Blow-up for the 1D nonlinear Schrödinger equation with point nonlinearity I: Basic theory

Abstract: We consider the 1D nonlinear Schr\"odinger equation (NLS) with focusing point nonlinearity, $$ (\delta\text{NLS}) \qquad i\partial_t\psi + \partial_x^2\psi + \delta|\psi|^{p-1}\psi = 0, $$ where $\delta=\delta(x)$ is the delta function supported at the origin.

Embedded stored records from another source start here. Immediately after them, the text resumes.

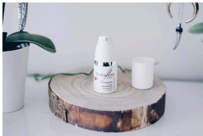
Contour des yeux Rose Eclat Bio

Passons au détail du test des 2 produits.
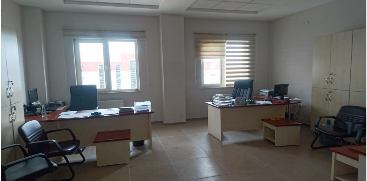
Resim 2. Farklı Açıdan Büroya Ait Görüntü
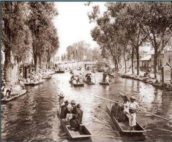
Ilustración 1: Habitantes de la región de Iztapalapa en canoas sobre el canal de Apatlaco, México 193

Se usaban las canoas principalmente para transportar las verduras que se obteníamos de la cosecha, tales como: zanahorias, perejil, nabo, lechuga, rábano, acelga, espinacas, chile, jitomate, tomate, col, poro, cebolla, y betabel. En cuanto a flores, aquí se cultivaba mucho la amapola, el imperial, la margarita, el tzempaxochitl, la espuela, el perrito y otras más. Los manojos que vendíamos estaban sujetos con una hierba que la llamábamos Tule y que salía de las mimas zanjias (Zaldivar, S 2004) 10 ,
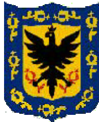
Escudo de Bogotá D.C.
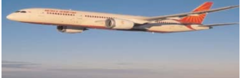
ऐसा मौका नहीं है कि जब कोई क्लाइट तकनीकी खराबी के कारण देरी से चली हो। इससे पहले एयर इंडिया की एक और फ्लाइट ने

कारण हुई। इससे पहले एक इंडिगो फ्लाइट को तकनीकी खराबी के कारण बीच रास्ते से लौटना पड़ा। यह एयरलाइंस कोलकाता से मुंबई की ओर जा रही थी। फ्लाइट को लौटाने के कुछ समय बाद ही लौटाना पड़ा। विमान में 156 यात्री मौजूद थे। इस फ्लाइट ने सुबह दस बजे नेलाजी सुभाष चंद्र बोस अंतरराष्ट्रीय हवाई अड्डे से उड़ान भरी थी। कुछ समय के बाद ही विमान के पायलट ने तकनीकी खराबी के कारण विमान को वापस लाने की इजाजत मांगी। फ्लाइट को दोबारा कोलकाता एयरपोर्ट पर लाया गया।
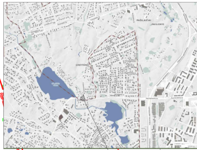
Planuojamos teritorijos vieta
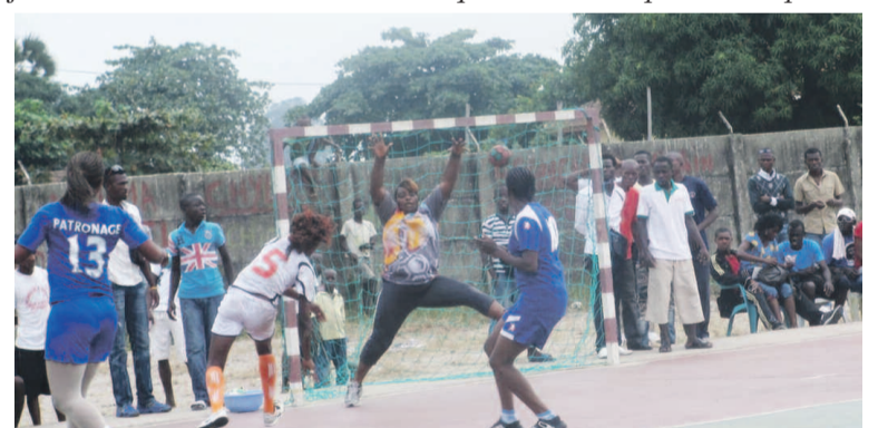
Un extrait du match Patronage/Banco Sport

encore, à emboîter le pas. « Nous avons décidé de prendre le train en marche avant d'avoir une solution favorable à notre requête. Je demande aux dirigeants d'Inter club et de Tié Tié sport de revenir à de bons sentiments et de mettre les enfants en chantier. Nous avons dépensé beaucoup d'argent pour leur préparation, il faudrait qu'ils jouent », a-t-il lancé. « L'idéal pour Patronage cette année est de reconquérir le championnat départe-
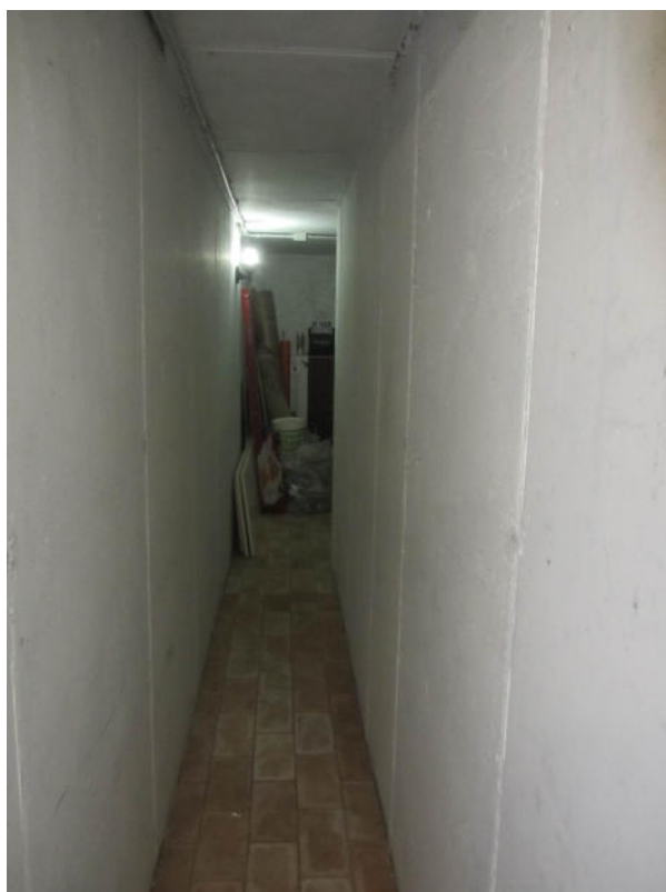
FOTO S.07_ PIANO SEMINTERRATO
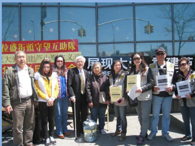
众多法拉盛守望队员积极参与赈灾募捐
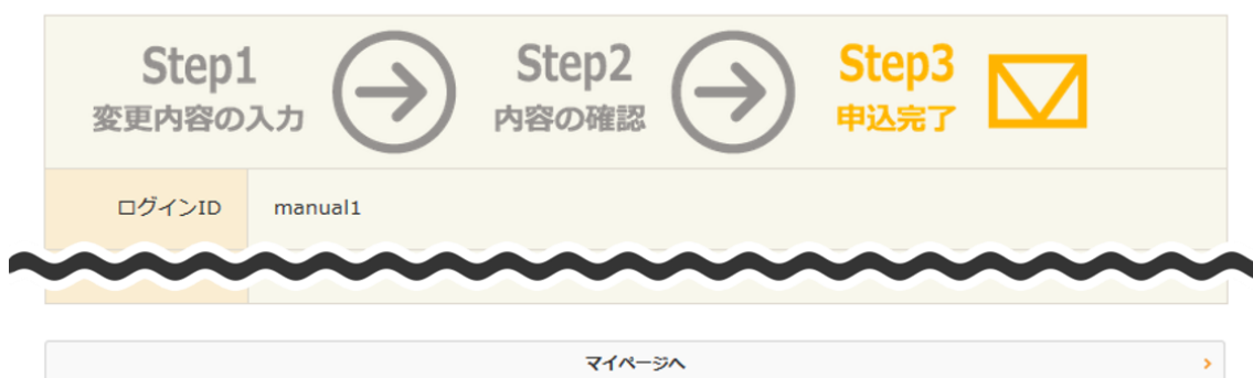
図 21：利用者情報変更（完了）画面
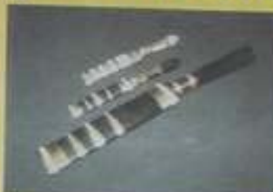
มีดหมอเหล็กเส้าร์เหล็กน้ำพี้
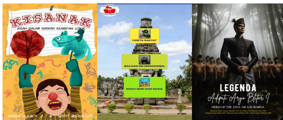
Gambar 3. Buku Kisanak , Si-Cetar , dan e-flipbook

Selain mengintegrasikan keterampilan berbahasa, model BTS juga dikembangkan dengan mengintegrasikan muatan kearifan lokal. Pengenalan budaya lokal dalam kegiatan literasi untuk anak usia dini efektif dalam memperkuat pengetahuan anak tentang budaya lokal ( Amaliyah, dkk., 2022 ). Selain itu, integrasi kearifan lokal dalam program literasi dapat meningkatkan keterlibatan dan pemahaman siswa, serta kontribusi pada pengembangan karakter dan pemahaman budaya di kalangan siswa. Selanjutnya, kegiatan literasi di SD menggunakan sastra anak berbasis kearifan lokal Blitar dapat membantu siswa mengembangkan kebiasaan membaca dan meningkatkan konsistensi dalam implementasi literasi ( Putriani, Wahyuni, dan Siyono, 2019 ). Sumber literasi berbasis kearifan lokal yang digunakan dalam PKM ini adalah buku Kisanak ; Kisah dalam Naskah Kearifan Lokal, Si-Cetar , dan e-flipbook berbasis kearifan lokal Blitar.
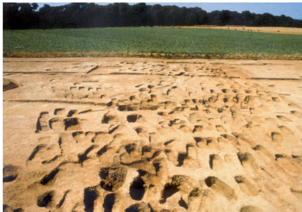
Nécropole mérovingienne de Conchil-le-Temple (Pas-de-Calais). Cliché Y. Desfossés. D'après La France archéologique, 20 ans d'aménagements et de découvertes , Hazan, Paris, 2004, p. 168.

1. Fonds de cabane : on devrait préférer l'expression « structures semi-excavées », plus neutre. Bâties en terre et bois et le plus souvent associées à des maisons construites au niveau du sol, elles présentent une excavation peu profonde du sol entre les poteaux qui soutiennent la toiture. Leur fonction est le plus souvent celle d'annexes pour diverses activités domestiques (filage, tissage) ou artisanales.
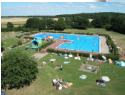
Hallen- und Freibad SZ-Thiede
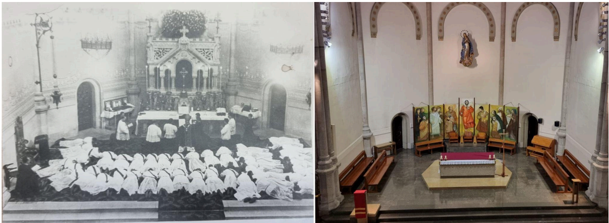
Capella del Seminari, en una ordenació del 6 de juny de 1936; i estat actual de la Capella, on es poden veure els elements destruïts i no recuperats
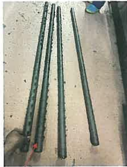
洗浄ノズルパイプ清掃
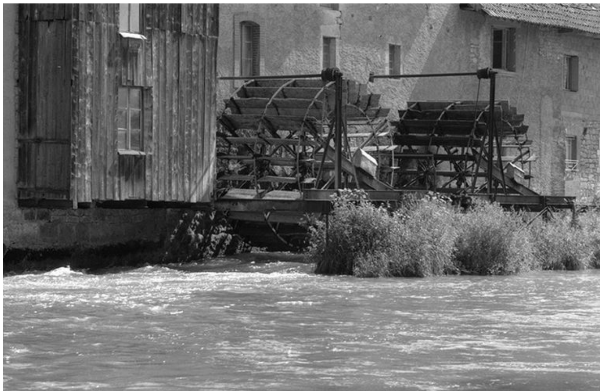
Façade postérieure : les deux roues à aubes.
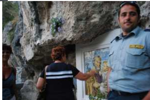
La devozione dinanzi San Giuseppe
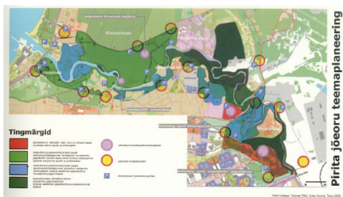
Figura 8. Piano del Parco della Valle del fiume Pirita.

La riforma fondiaria in atto in Estonia si sta dimostrando per certi versi una minaccia per la conservazione dell'area protetta, in quanto i terreni restituiti ai precedenti proprietari potrebbero essere sottoposti ad una pressante speculazione edilizia. Il progetto RiverLinks, come spiega Enno Tamm Mayor, Sindaco del Distretto di Pirita, durante il Convegno, ha dato l'opportunità a Pirita di impostare uno strumento di pianificazione per la tutela e conservazione dell'area, che non trascurasse le esigenze di sviluppo economico e sociale dell'area stessa. Molti degli aspetti sviluppati nel Piano sono emersi durante il workshop, tenutosi a Pirita nel maggio del 2005, dove ai partners è stato chiesto di fornire idee e suggerimenti per porre le basi del piano.
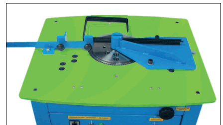
ESTRIBOS POLIGONALES (Opcional)

Indispensable para armar pilares circulares, columnas y encofrados circulares especiales.
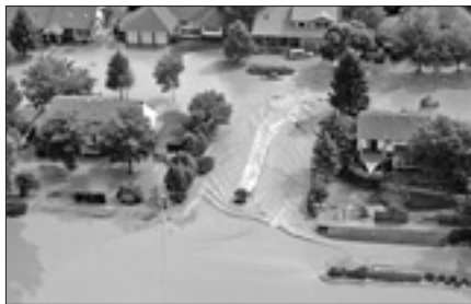
La città di Boulder invasa dalle acque

WASHINGTON, 16. «Siamo di fronte a una catastrofe: non usano mezzi termini le autorità che da giorni stanno lottando contro l'acqua che continua a invadere il Colorado. Si tratta di alluvioni senza precedenti, dicono gli esperti, causate da fortissime piogge che, tra l'altro, non accennano a diminuire. E l'inclinazione del tempo sta pesantemente condizionando l'opera dei soccorritori. Il bilancio ufficiale parla, al momento, di cinque morti e di oltre 1250 dispersi. Ma lo sceriffo di Boulder, la contea più colpita dalle inondazioni, ha dichiarato: «Dobbiamo essere realistici, il numero delle vittime è destinato ad aumentare».
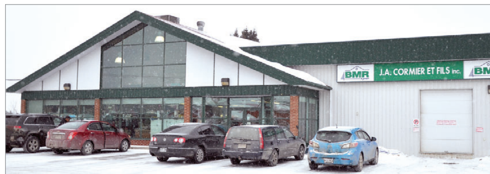
Le BMR J. Albert Cormier et Fils Inc. acquiert le magasin Quincaillerie Ace de Maria.

Grâce à cette acquisition, l'entreprise espère desservir encore mieux le territoire de Maria en offrant de nouveaux services à sa clientèle et elle est très heureuse de s'adjoindre l'expertise de l'équipe de Maria pour y arriver.
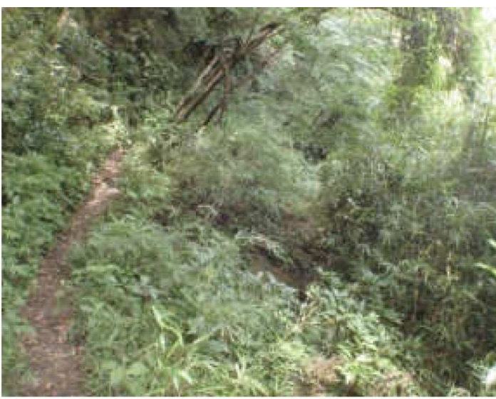
写真① 水路に沿った現在の散策路、水路側に石垣を創る工事は取りやめになった。
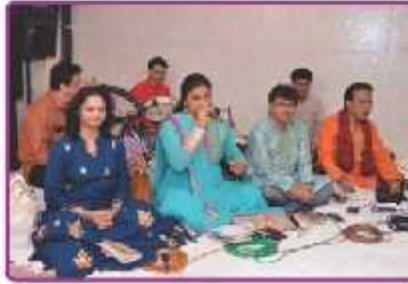
ભક્તિ આસાની એન્ડ સંગીત પાર્ટી
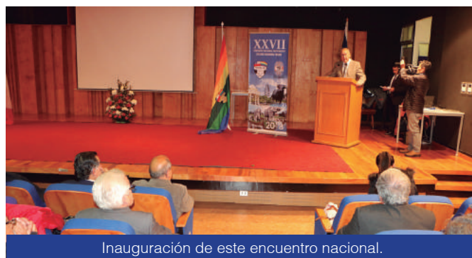
Inauguración de este encuentro nacional.
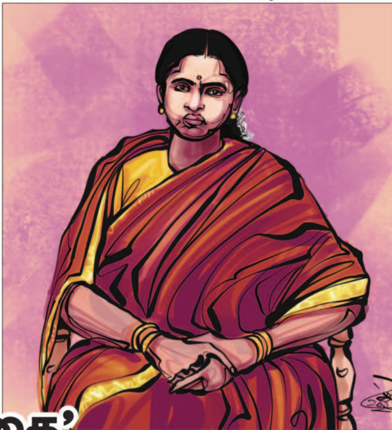
ஓவியம் : ரவி பேலட்

மனிதருக்குள் பிறப்பின் காரணமாக உயர்வு தாழ்வுகளைக் கற்பிக்கும் வருணாசிரமதருமம் இருக்கும் வரையில் வகுப்பு துவேஷம் இருந்தே தீரும். ஒரு சாதி தீண்டப்படாதது. ஒரு சாதி பார்க்கப்படாதது. ஒரு சாதி தெய்வீகம் வாய்ந்தது. ஒரு சாதி ஆளப்பிறந்தது. ஒரு சாதி உழைக்கப் பிறந்தது என்றெல்லாம் கூறுகின்ற சாஸ்திரமும் அந்த சாஸ்திரத்தை அடிப்படையாகக் கொண்டு அமைக்கப்பெற்ற சமூகமும் இருக்கிற வரையிலும் வகுப்பு
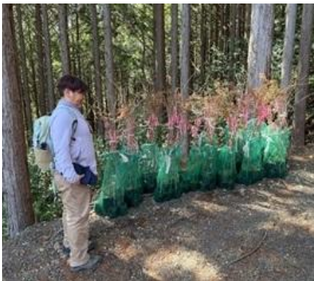
クマノザクラの苗木(3~4年)
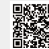
纺织服装周刊 网易号
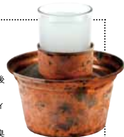
▲トルコの蒸留酒「ラク」
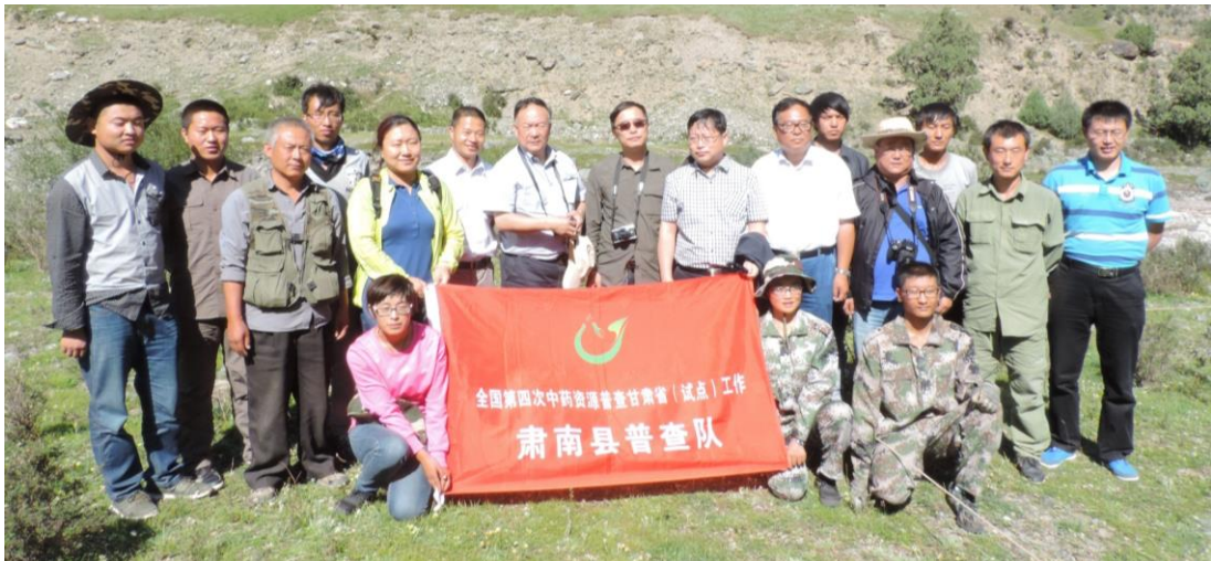
督导组专家与野外普查队员合影
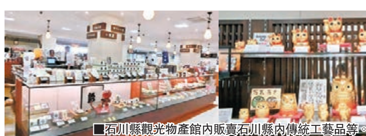
■石川縣觀光物產館內販賣石川縣內傳統工藝品等。

而金彩砂雕玻璃，在玻璃製品上用砂寫上名字，30分鐘至50分鐘體驗費1,000日圓、材料費500日圓起，10人以上的團體要預約。而筆者在這兒則體驗了加賀八幡不倒翁手繪，在可愛的鄉土人偶上畫畫，體驗費1,000日圓（不需預約）。
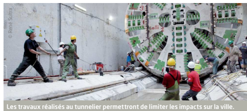
Les travaux réalisés au tunnelier permettront de limiter les impacts sur la ville.

Tout au long du chantier, les riverains, les commerçants, les usagers de la voirie et des transports publics seront régulièrement informés de l'avancement des travaux, des perturbations et des mesures d'accompagnement mises en place.

We show that $\delta$NLS shares many properties in common with those previously established for the focusing autonomous translationally-invariant NLS $$ (\text{NLS}) \qquad i\partial_t \psi + \Delta \psi + |\psi|^{p-1}\psi=0 \,. $$ The critical Sobolev space $\dot H^{\sigma_c}$ for $\delta$NLS is $\sigma_c=\frac12-\frac{1}{p-1}$, whereas for NLS it is $\sigma_c=\frac{d}{2}-\frac{2}{p-1}$. In particular, the $L^2$ critical case for $\delta$NLS is $p=3$. We prove several results pertaining to blow-up for $\delta$NLS that correspond to key classical results for NLS. Specifically, we (1) obtain a sharp Gagliardo-Nirenberg inequality analogous to Weinstein (1983), (2) apply the sharp Gagliardo-Nirenberg inequality and a local virial identity to obtain a sharp global existence/blow-up threshold analogous to Weinstein (1983), Glassey (1977) in the case $\sigma_c=0$ and Duyckaerts, Holmer, & Roudenko (2008), Guevara (2014), and Fang, Xie, & Cazenave (2011) for $0<\sigma_c<1$, (3) prove a sharp mass concentration result in the $L^2$ critical case analogous to Tsutsumi (1990), Merle & Tsutsumi (1990) and (4) show that minimal mass blow-up solutions in the $L^2$ critical case are pseudoconformal transformations of the ground state, analogous to Merle (1993).